Thromb Haemost 2010; 103(06): 1116-1127
DOI: 10.1160/TH09-11-0758
Clinical Focus
Schattauer GmbH

Dabigatran etexilate – a novel, reversible, oral direct thrombin inhibitor: Interpretation of coagulation assays and reversal of anticoagulant activity

Joanne van Ryn
1   Department of Drug Discovery Support, Boehringer Ingelheim Pharma GmbH & Co. KG, Biberach an der Riss, Germany
,
Joachim Stangier
2   Department of Drug Metabolism and Pharmacokinetics, Boehringer Ingelheim Pharma GmbH & Co. KG, Biberach an der Riss, Germany
,
Sebastian Haertter
2   Department of Drug Metabolism and Pharmacokinetics, Boehringer Ingelheim Pharma GmbH & Co. KG, Biberach an der Riss, Germany
,
Karl-Heinz Liesenfeld
2   Department of Drug Metabolism and Pharmacokinetics, Boehringer Ingelheim Pharma GmbH & Co. KG, Biberach an der Riss, Germany
,
Wolfgang Wienen
3   Department of Pulmonary Research, Boehringer Ingelheim Pharma GmbH & Co. KG, Biberach an der Riss, Germany
,
Martin Feuring
4   Department of Medical Affairs, Boehringer Ingelheim GmbH, Ingelheim, Germany
,
Andreas Clemens
4   Department of Medical Affairs, Boehringer Ingelheim GmbH, Ingelheim, Germany
› Author Affiliations
Further Information

Publication History

Received: 05 November 2009

Accepted after major revision: 15 January 2010

Publication Date:
22 November 2017 (online)

Summary

Dabigatran etexilate is an oral, reversible direct thrombin inhibitor that is approved in the EU and several other countries for the prevention of venous thromboembolism after elective hip and knee replacement, and is in advanced clinical development for other thromboembolic disorders. Dabigatran has a predictable pharmacokinetic profile, allowing for a fixed-dose regimen without the need for routine coagulation monitoring.
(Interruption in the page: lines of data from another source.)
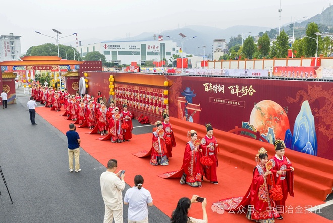 ▲9月28日,在国庆节、中秋节来临之际,中信泰富特钢集团旗下大冶特殊钢有限公司举办职工集体中式婚礼(如图)。30对新人在同事和好友的见证下喜结良缘。此次集体中式婚礼,旨在弘扬传统文化,倡导文明婚庆新风尚。(特约通讯员 朱友松 摄)
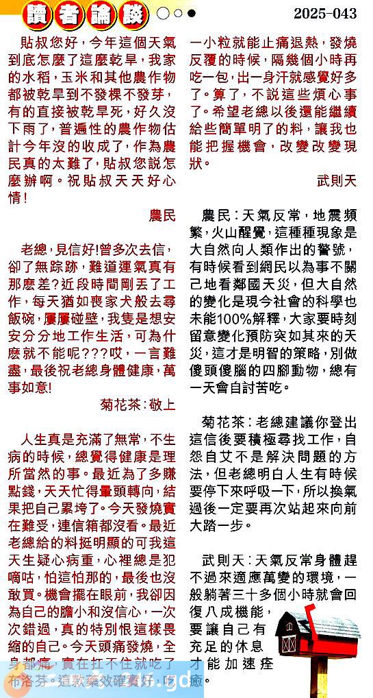 3.人生真是充滿了無常,不生病的時候,總覺得健康是理所當然的事。最近為了多賺點錢,天天忙得暈頭轉向,結果把自己累垮了。今天發燒實在難受,連信箱都沒看。最近老總給的料挺明顯的可我這天生疑心病重,心裡總是犯嘀咕,怕這怕那的,最後也沒敢買。機會擺在眼前,我卻因為自己的膽小和沒信心,一次次錯過,真的特別恨這樣畏縮的自己。今天頭痛發燒,全身都痛,實在扛不住就吃了布洛芬。這款藥效確實好,吃一小粒就能止痛退熱,發燒反覆的時候,隔幾個小時再吃一包,出一身汗就感覺好多了。算了,不說這些煩心事了。希望老總以後還能繼續給些簡單明了的料,讓我也能把握機會,改變改變現狀。武則天
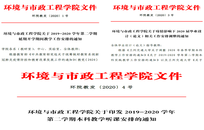 环境学院根据学校《兰州交通大学关于调整2020年春季学期本科教学工作安排的通知》等文件要求,结合教育部、甘肃省教育厅以及学校党委针对疫情期间延期开学的总体精神,及时召开了党政联席视频工作会议,重点研究部署了学院的线上教学工作,建立了思路清晰、任务明确、确实可行的线上教学工作实施方案并有效实行。
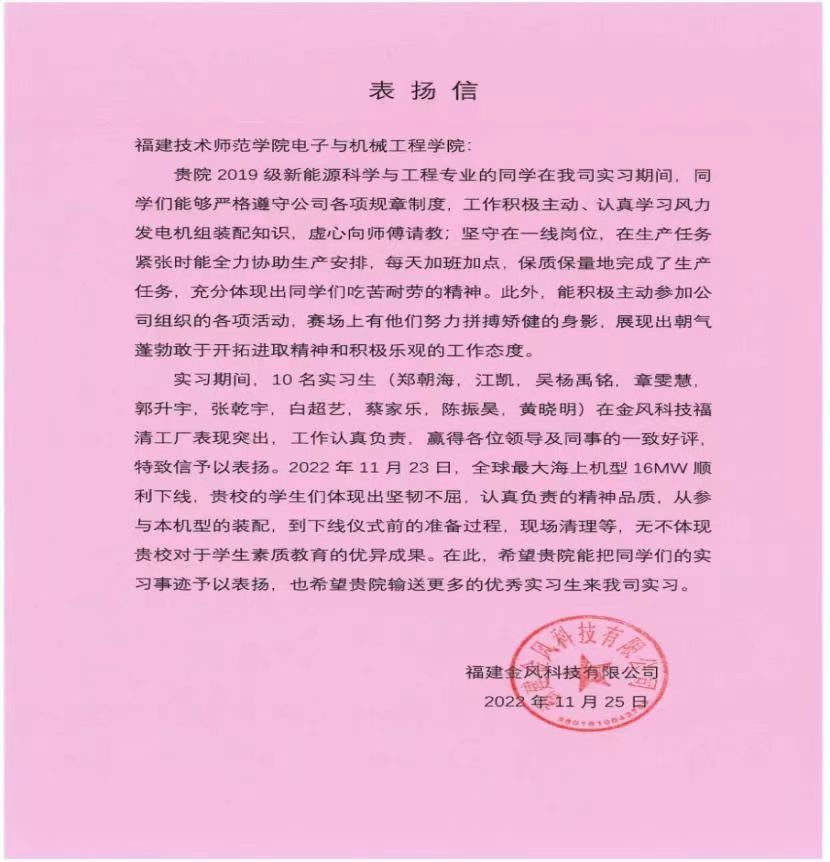 A few days ago, the School of Electronic and Mechanical Engineering received a letter of commendation from Fujian Goldwind Technology Co., LTD. In the letter, Goldwind Technology highly appraises and praises the performance of 10 students majoring in new energy science and engineering from the School of Electronic and Mechanical Engineering of our university.
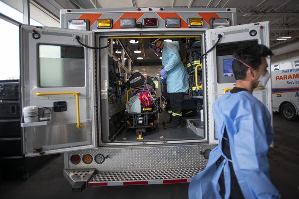 Paramedics prepare to transfer COVID-19 patient John Wylie, 76, from Brampton Civic Hospital, to Halton Health Care, on May 25.Fred Lum/the Globe and Mail
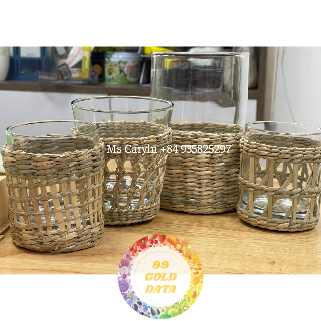 Seagrass Tumbler Cup Sleeve Elegant Glass Lantern Cover Pillar Candle Jar Holder Storage Baskets Convenient Home Organization
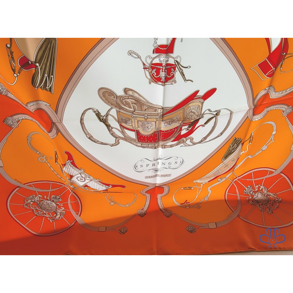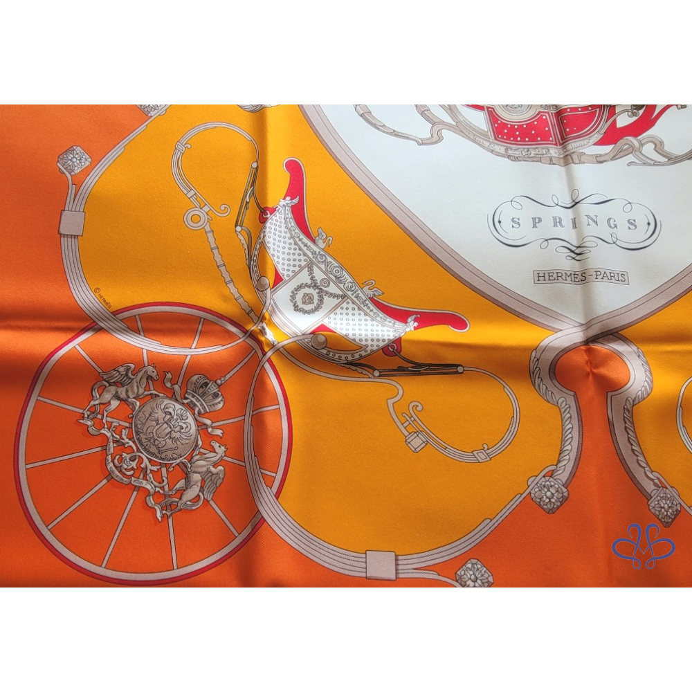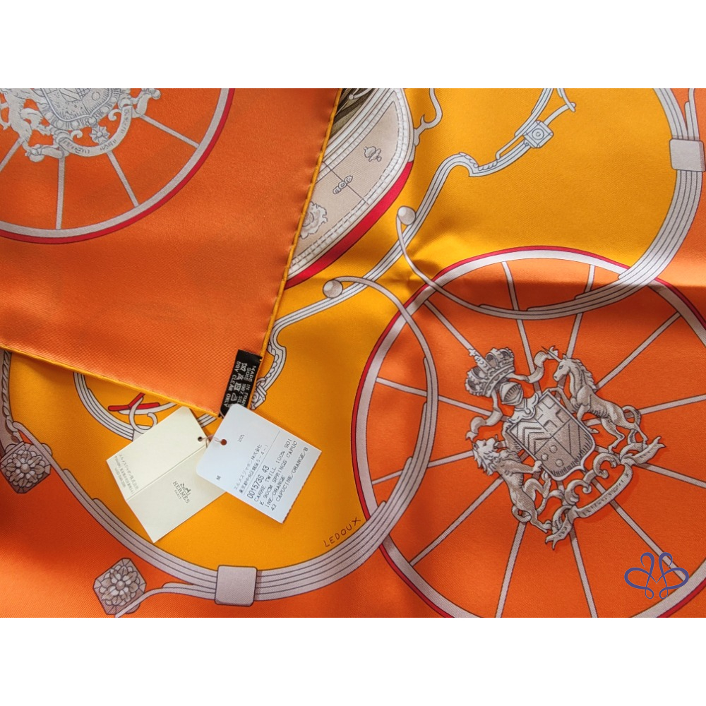 ~HERMES 全新(有吊牌) 橘色底古典彈簧車圖案絲巾
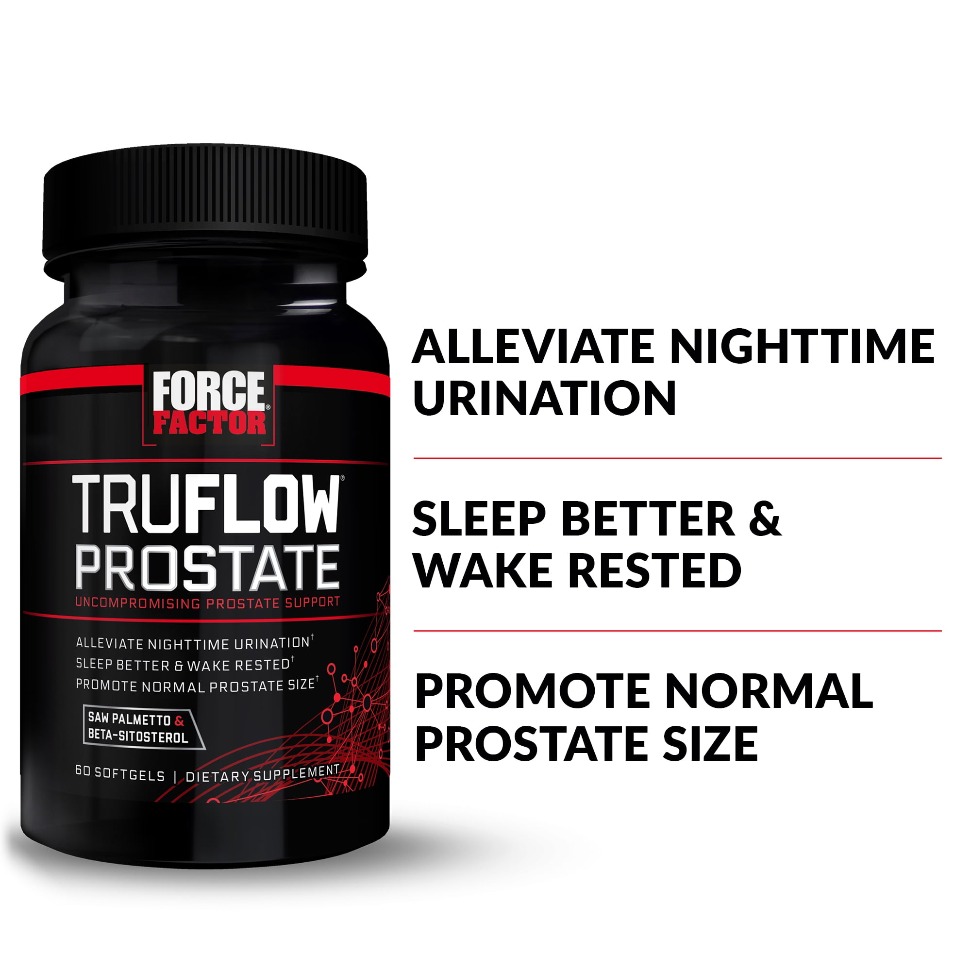 TruFlow Prostate Health Support Supplement for Men with Beta Sitosterol, Saw Palmetto, and Melatonin to Improve Urinary Flow, Promote Sleep, Support Normal Prostate Size, Force Factor, 60 Softgels
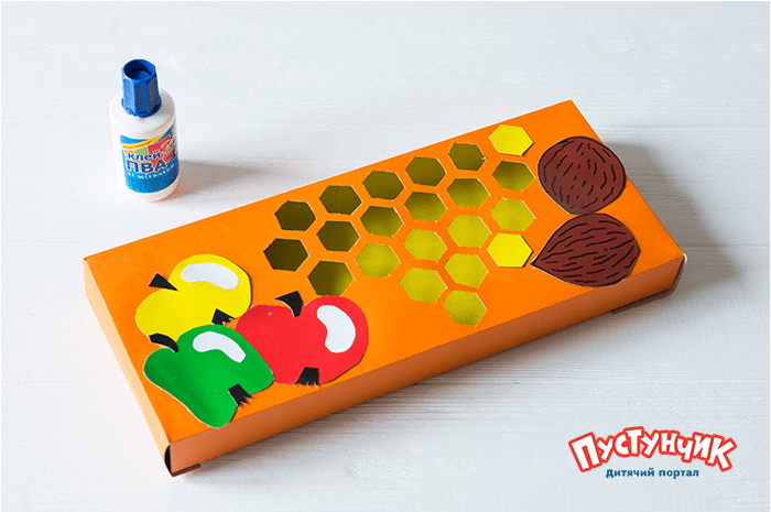 7. Приклей яблоки, орехи и шестиугольные ячейки к основанию панно — пчелиным сотам.
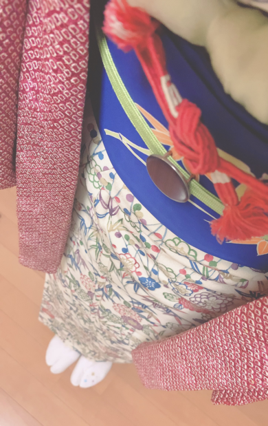| 着物について | 江戸びんがたと青い帯、 松竹梅のちょっとおめでたい柄の着物で お正月を楽しむ♪ |
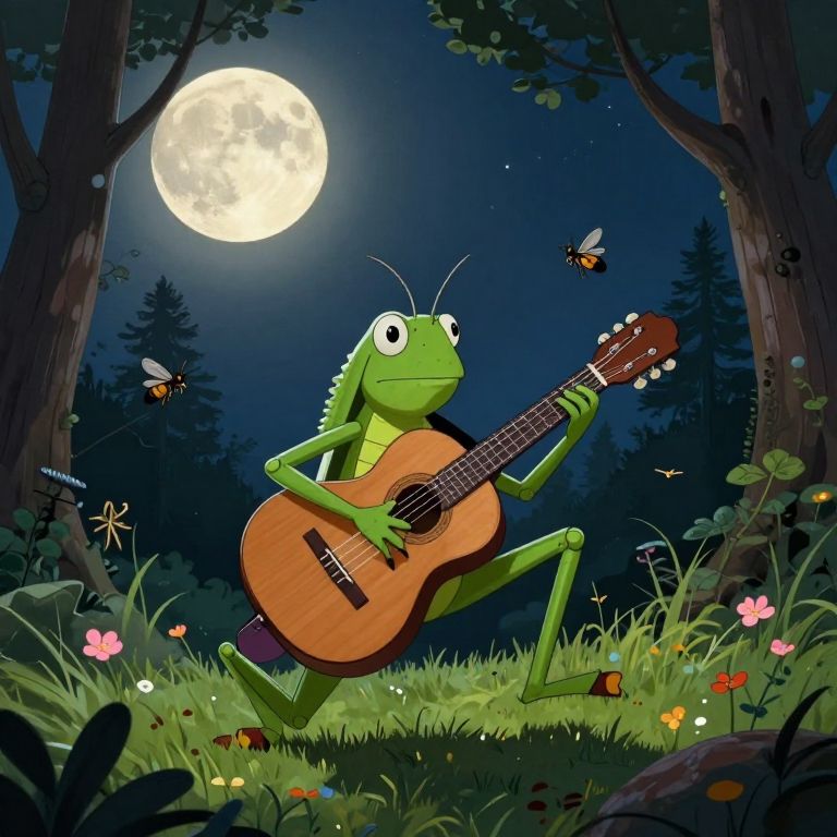 Under the watchful glow of the full moon, a grasshopper-guitarist weaves a nocturnal symphony, its vibrant strumming resonating with the whispers of the forest, where freedom hums in every chord and the ephemeral dance of insects mirrors the transient beauty of life.
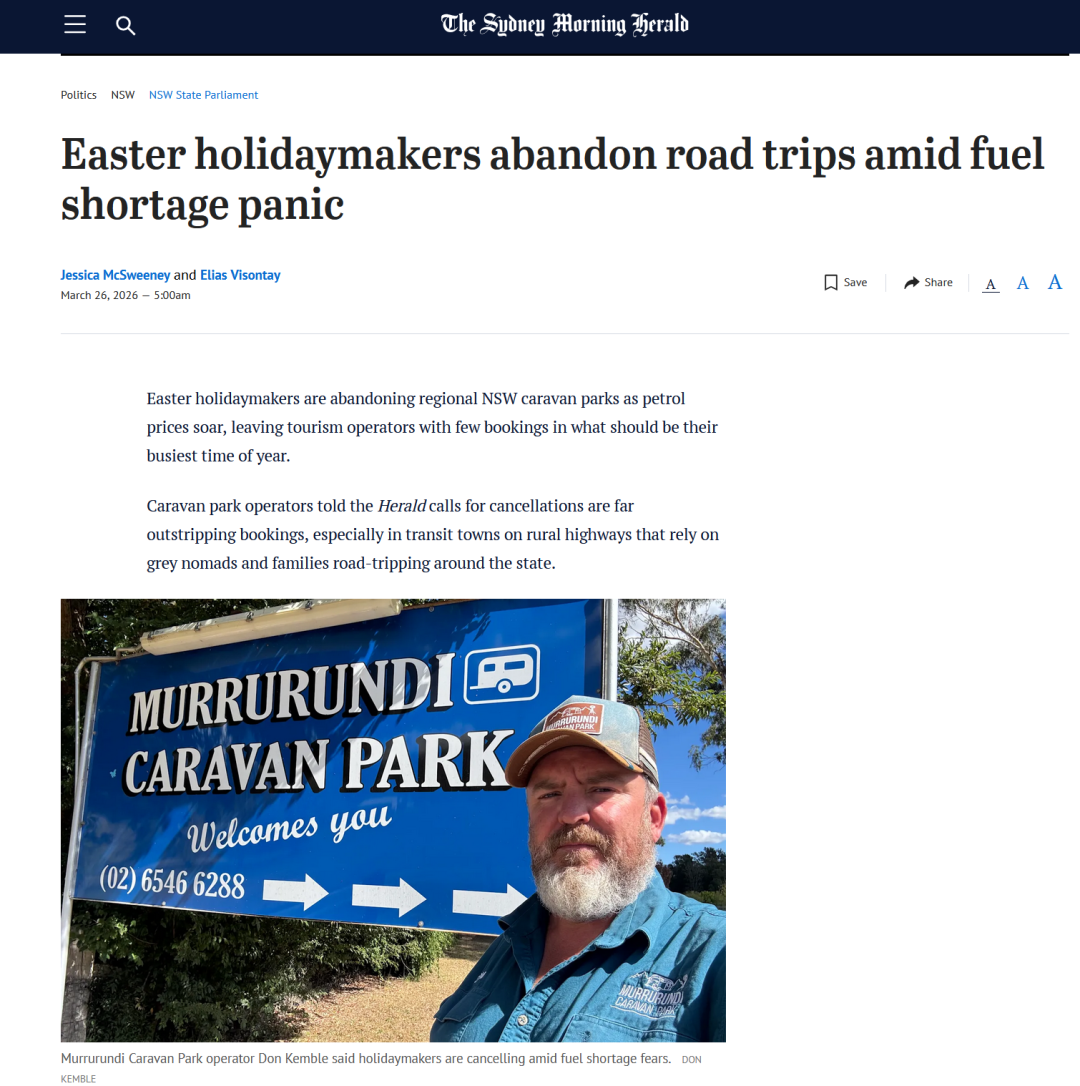 (随着油价飚升,复活节度假者们在放弃去乡镇地区的房车公园的计划,本该是一年中最忙的时候的预订,显著减少)

In certain clinical situations such as serious bleeding into critical organs (e.g. intracerebral bleeding), potential overdose and emergency surgery, clinicians will need to make an assessment of the anticoagulant status of a patient receiving dabigatran before deciding on future management strategies. If available, thrombin clotting time (TT), ecarin clotting time (ECT) and TT determined by Hemoclot thrombin inhibitor assay are sensitive tests to evaluate the anticoagulant effects of dabigatran. Prothrombin time (INR) is less sensitive than other assays and cannot be recommended. The activated partial thromboplastin time (aPTT) can provide a useful qualitative assessment of anticoagulant activity but is less sensitive at supratherapeutic dabigatran levels. There are limited data for activated clotting time (ACT). Overall, the aPTT and TT are the most accessible qualitative methods for determining the presence or absence of anticoagulant effect. Although there is no specific antidote to antagonise the anticoagulant effect of dabigatran, due to its short duration of effect drug discontinuation is usually sufficient to reverse any excessive anticoagulant activity. In case of potential overdose, the feasibility of early administration of activated charcoal and subsequent charcoal filtration are undergoing preclinical evaluation. Dabigatran can also be dialysed in patients with renal impairment. In instances of life-threatening bleeding, where conventional measures have failed or are unavailable, other non-specific prohaemo -static agents such as recombinant activated factor VII and prothrombin complex concentrates can be considered.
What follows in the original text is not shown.